喬衡僵硬的點頭,過了許久他轉過頭看見穆蘇已經走了好遠;小小的身影有些單薄,他眼神越發堅定他一定會守好這裡的一切等你回來。
他的弟弟合該是天之驕子。
無論怎樣,該來的終究是要來的:終於到了穆蘇離開京城的這一天,碼頭上老夫人劉氏淚眼婆娑的朝著船上的穆蘇揮手,穆巖站在一旁面上也有幾分不捨,一旁的杜悅芸眼底卻是有幾分喜悅。
風吹起了穆蘇的衣訣,也有些吹紅了他的雙眼,碼頭上背脊已經有些佝僂的老夫人劉氏一直在不停的揮手,眼中有水珠模糊了他的視線。
一旁的蘇父抬手輕輕摸了摸穆蘇的頭,並未言語。
時間很快,離開京城已經七天了不過穆蘇一行人仍然還在船上;京城距臨淮路途遙遠,不過還好走水路很快十五日便可抵達。
如此長的時間呆在船上不能行動自然很是無聊,不過穆蘇此時可是一點兒也不無聊;他已經忙的顧不得無聊了。
剛上船離開京城的第一天,許是看他傷懷,照顧他的情緒,外祖父對他還算挺好的,當時也沒覺得是好。
可對比現在那簡直就是天堂般的待遇,第二日見他已經不傷心了,便談及他的學識,考了考他;考完之後也未曾說甚麼,只是下午桌子上便出現了比他頭顱還高的一摞書。
彼時穆蘇還不知這是地獄來臨的前兆,樂呵呵的看著書問:“外祖父出遠門還帶這麼多書看嗎?”
外祖父摸了摸鬍子看了他一眼淡淡道:“這是給你看的,下船之前將這些書全都翻閱一遍,到時我考你。”
“什……甚麼?!”穆蘇有些不敢相信,雙眼微微睜大。
“你雖然已經識字,也學了兩年書,不過還差的遠,想是你母親平日管你不嚴;如今你已滿七歲,年齡已經偏大了得抓緊時間好好補補。”蘇父緩緩開口解釋。
穆岩心裡頓時不知該說些甚麼,他自生下來才滿四歲母親便日日教他讀書寫字,看的古書迄今為止少說也有百八十本了;遠超整個京城泰半的孩子,更何況他還有現世那麼多年的經歷,而且他才七歲竟然就被說年齡偏大!
不知道現在後悔還來不來得及。
接下來的幾日穆蘇便未曾得一刻空閒,他那外祖父貼身家教除了睡覺吃飯,在船上也沒其他事可幹就拘著他刻苦學習。

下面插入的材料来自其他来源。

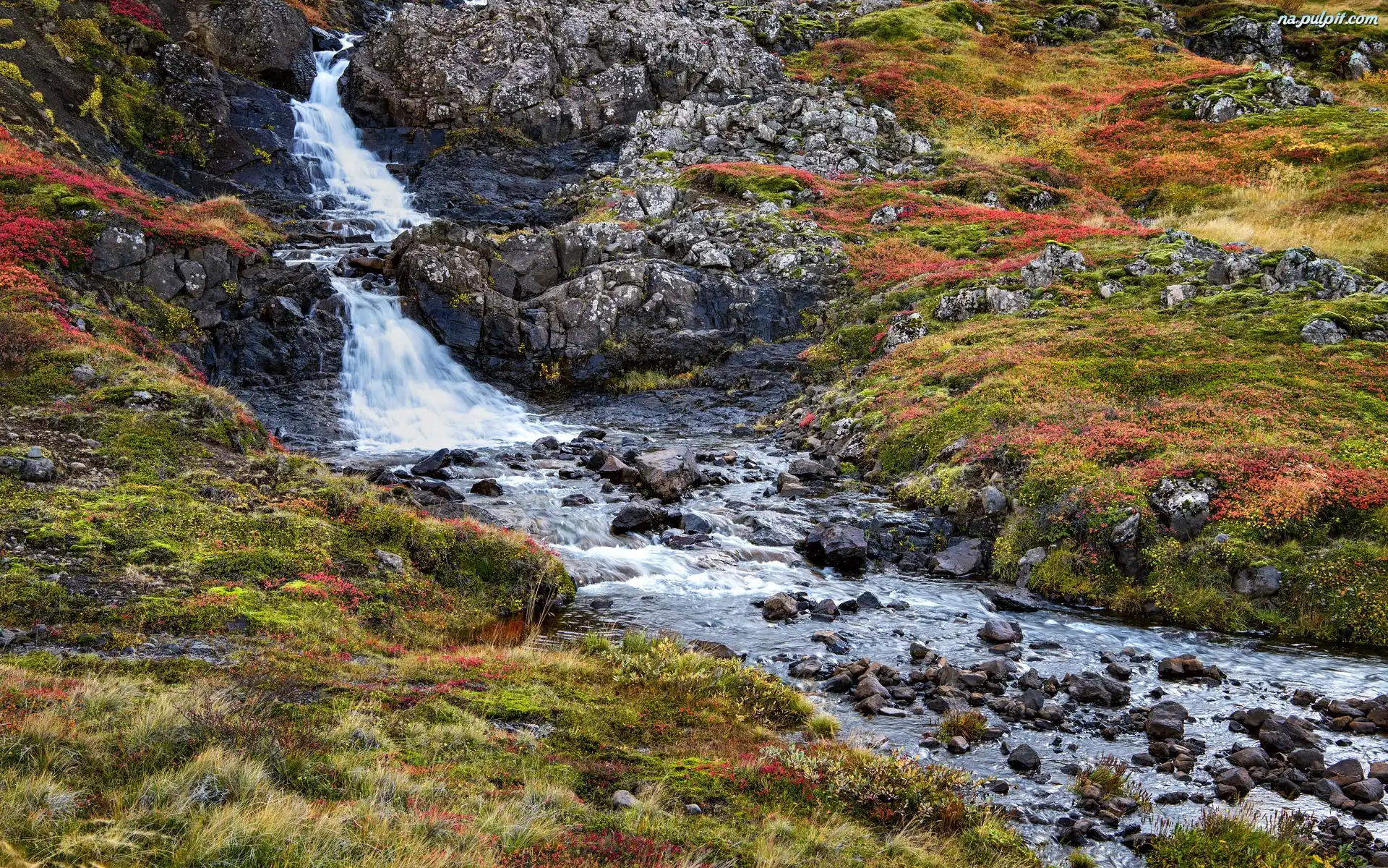 Rośliny, Rzeka, Skały, Kamienie Na Pulpit
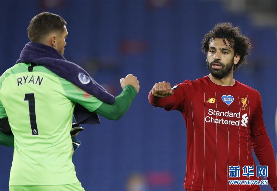 7月8日,利物浦队球员萨拉赫(右)赛后与布莱顿队门将瑞安致意。 当日,在2019-2020赛季英格兰足球超级联赛第34轮比赛中,利物浦队客场以3比1战胜布莱顿队。 新华社/路透
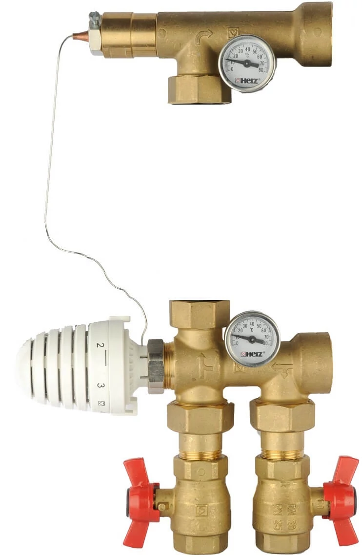 Unitatea reglare temperatură HERZ 1732007, fără pompă de recirculare este folosită în sisteme de încălzire cu înaltă temperatură, în cazuri când există nevoia de încălzire a unui circuit de încălzire adițională cu temperatură mai joasă.
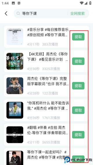 2、在搜索结果列表,选择目标视频,点击右侧【提取】按钮。
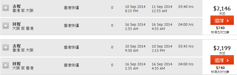 HK Express-大阪 $2,146起 + $740 (稅項) = $2,886 (直航)
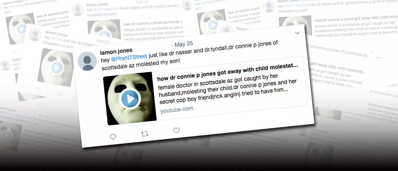 “hey @cbs5investigate just like dr.nassar and dr.tyndall,connie p jones of scottsdale az molested my son!” Jones wrote, in one of many tweets he sent on May 25.
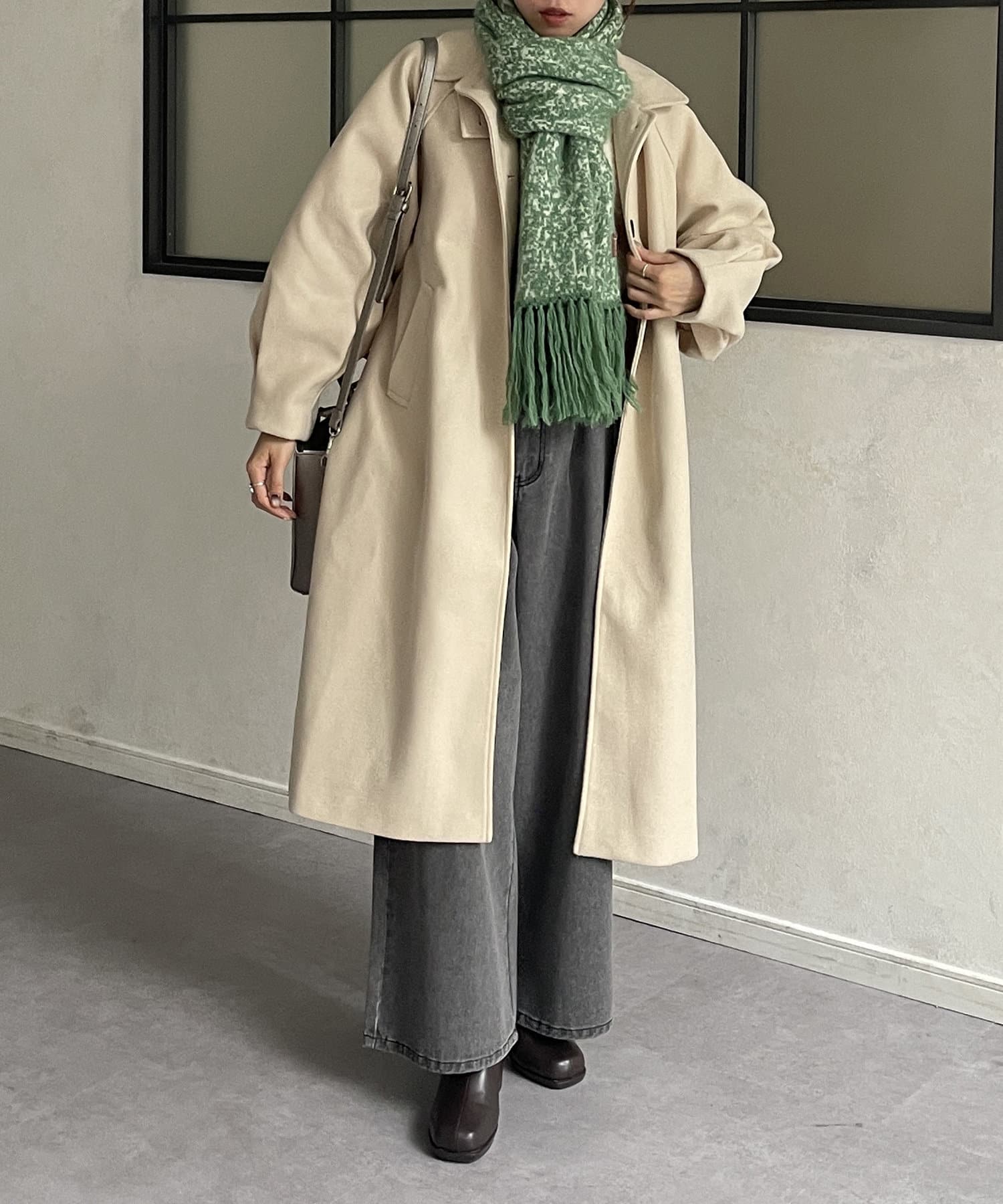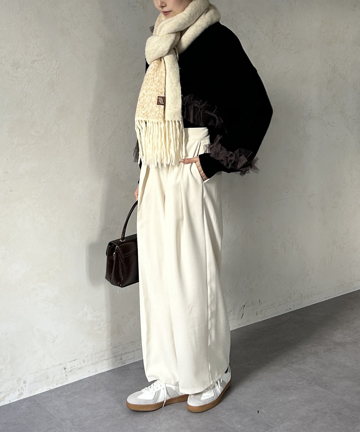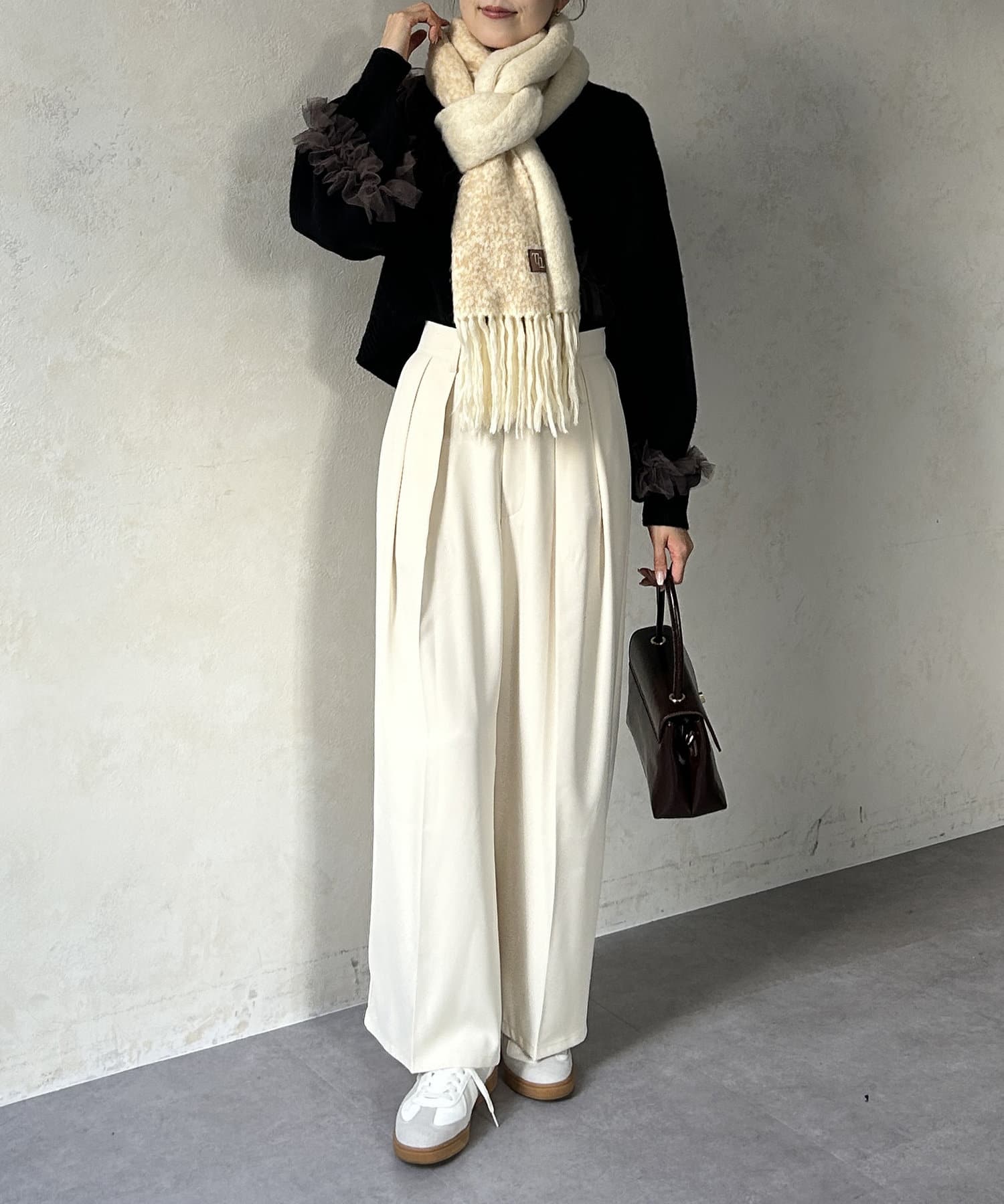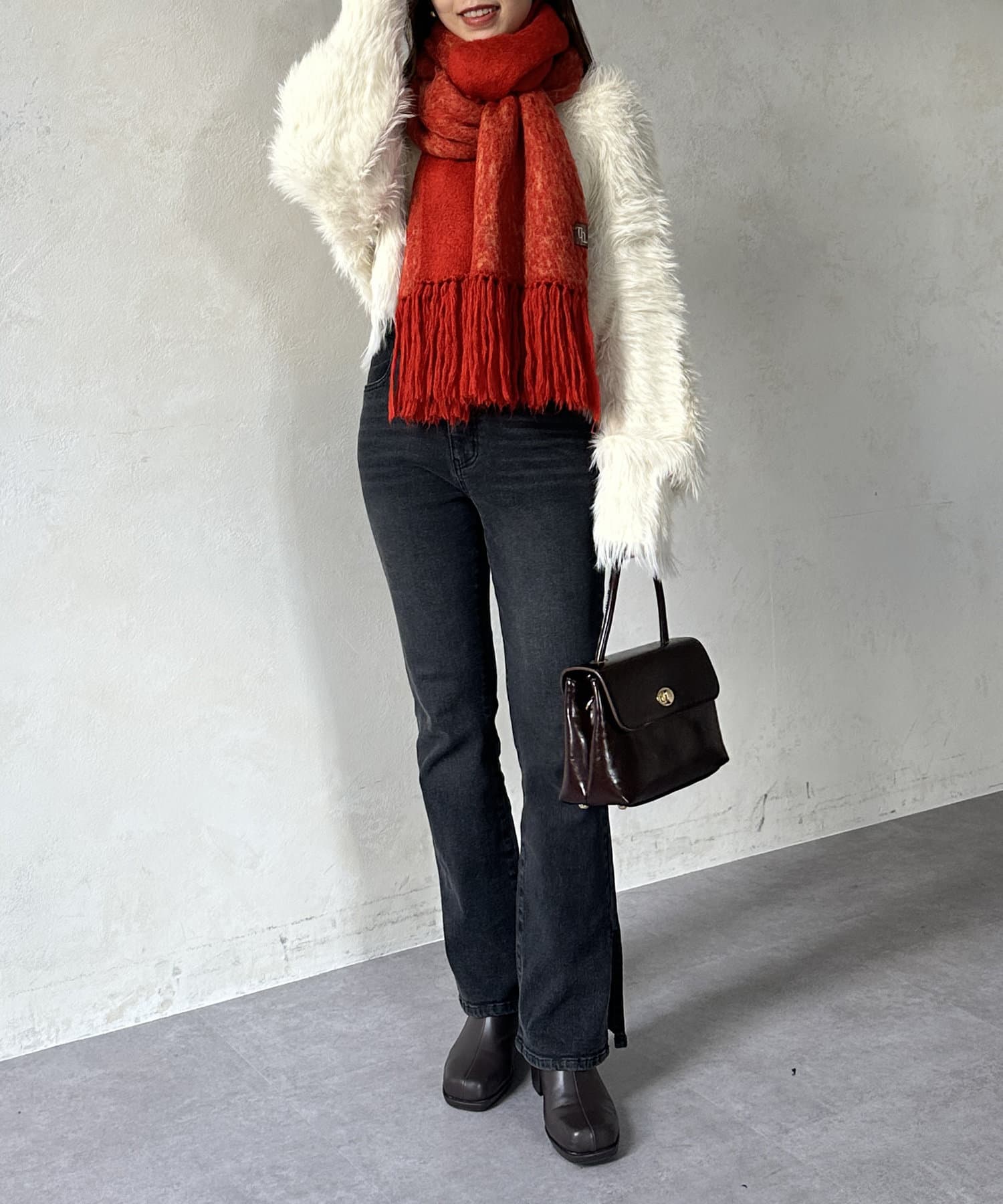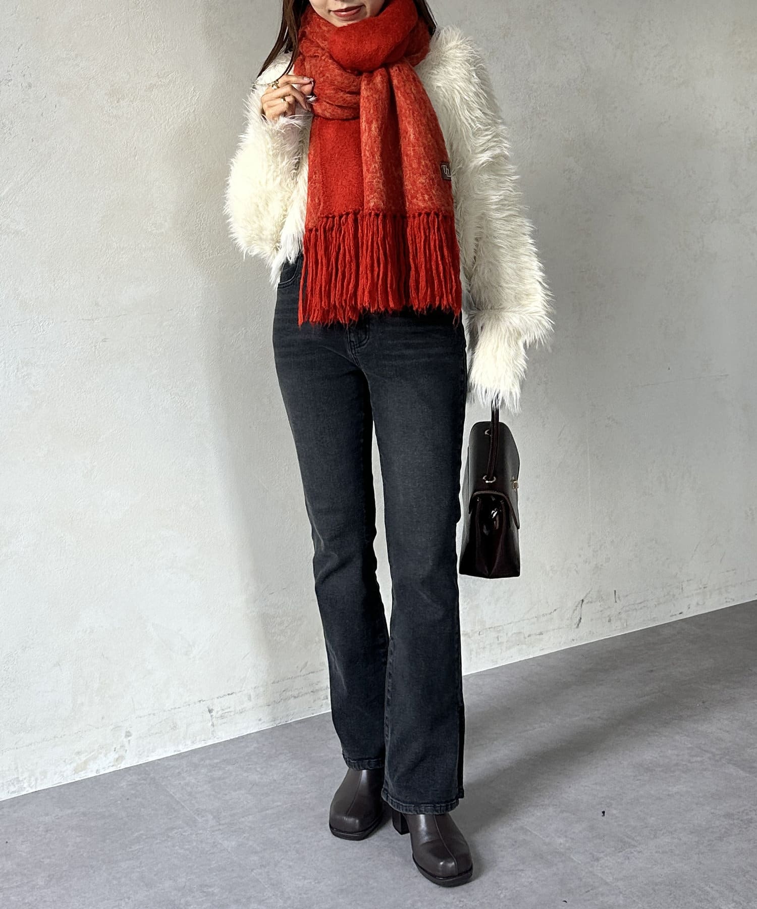 タイトスカートまで幅広いコーデに合う万能マフラーです◎

不過辛苦雖辛苦,收穫卻是頗多;蘇父不愧是有名的大儒他的學識與見解當真是精闢獨到,一兩句便讓穆蘇醍醐灌頂。
穆蘇畢竟骨子裡是現代人的思維,其實並不是很能適應古代思維因而學這些枯燥而乏味的古書時頗為艱難。
而蘇父卻並不是穆蘇此前的夫子那般古板,滿口之乎者也;蘇父用最簡單精闢的話讓他迅速理解其中所講之意,慢慢的穆蘇也就來了些興趣。
穆蘇休息後,餘伯同蘇父說話。
“先生是否對小少爺嚴了些?如此多東西小少爺許是有些吃力。”
“天資聰穎,悟性極高;這些對他來說不多,可惜……耽擱了許多年。”蘇父難得面上有了些其他表情,搖了搖頭面帶一絲惋惜。
“日後時日還多,先生有的是時間教導小少爺。”餘伯說道。
“嗯,你說的對。”蘇父點了點頭嘴角露了些笑。
主僕兩人一番關於穆蘇的話語,穆蘇自是沒有聽到的,若是聽到了許是會很高興原來外祖父還挺誇讚自己的。
認真學習的時日過的很快,今日他們的行程便要結束,抵達臨淮了。
穆蘇有些緊張又有些期待,緊張他要見他還未曾見過的外祖母,期待日後在這裡的生活。
蘇父今日也難得沒有拘著穆蘇看書,看見穆蘇眼中的緊張與期待說了句:“你外祖母想了你許多年了。”
聞言,穆蘇心裡便沒有那般緊張了。
這是他母親的孃親,不需要害怕緊張的,她會和母親一樣愛自己的。
船終於靠岸了,穆蘇同外祖父下了船走到碼頭上又行了幾步便看到了馬車前的那個老人。
她望著他的眼裡含著淚水,痴痴的看著自己,在看自己又彷彿在透過自己看她的女兒。
穆蘇鬆開外祖父牽著他的手,抬頭看了眼外祖父,隨後一步一步走向了他的外祖母。
還未走近,老人幾步上前一把摟住自己抱進懷裡抱的緊緊的,聲音哽咽:“孩子,孩子。”滾燙的淚水一滴一滴滴落在穆蘇的衣裳上,浸染進棉裡。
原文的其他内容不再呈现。